Federal prosecutors have refused to talk on the record about the Marino case.

But privately, they acknowledge Marino's high public profile made him tough for them to ignore.

'Whatever else may be said of Mr. Marino,' said one source, 'he was tugging on Superman's cape.'

Speaking not about the Marino matter but in general terms, U.S. Attorney McGregor Scott said 'federal law enforcement has attempted to find a balance in the conflict between state and federal law.'

'In instances where the law is clearly being violated,' Scott said, 'federal law enforcement is quite obviously left with no choice but to vigorously enforce the law.'

How vigorously may hinge on the judicial fate of two severely ill Northern California women.
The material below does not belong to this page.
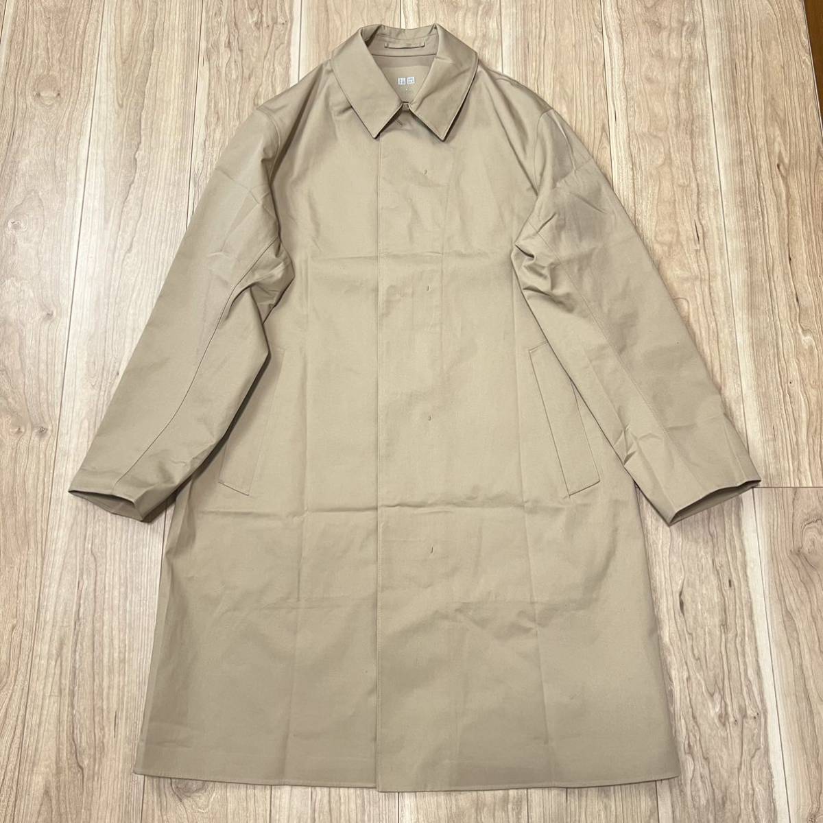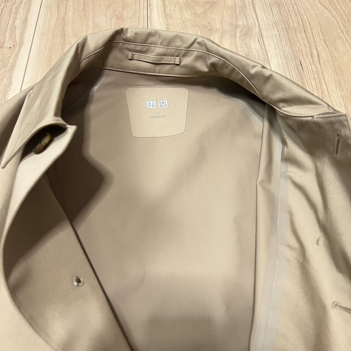 【人気】美品 UNIQLO ユニクロ ブロックテック ステンカラーコート 耐久撥水 防風 透湿性 メンズ ベージュ系 サイズM R-5567

The women, Angel Raich of Oakland and Diane Monson of Oroville, have sued to block federal interference with their pot supplies, contending the government lacks the power to regulate medical pot in cases where its cultivation and use do not involve interstate commerce.

Both women suffer from incurable ailments and use marijuana to alleviate their symptoms.

The 9th Circuit sided with the women last year, and the Supreme Court agreed to hear the government's appeal during the high court's session that starts next month.

In the meantime, government sources said, federal prosecutors are treading softly in seeking criminal convictions in medical marijuana cases while 'waiting for Raich.'

In one such case, an El Dorado County doctor and her attorney husband who had recommended marijuana for sick people and dispensed the drug had their patient and client records seized in 2001 by the DEA.

In the three years since, Dr. Mollie Fry and Dale Schafer have not been charged, nor have their assets been seized, other than the records.

But Supreme Court decisions sometime raise more questions than they answer, and it is unclear in the Raich case whether the justices will touch on those who formally dispense medical marijuana, or narrow a decision to those who use it.

All of which gives Richard Marino cause for concern.

'I did this to provide a safe place for people to get medical marijuana,' he said. 'I'm sick about this whole thing.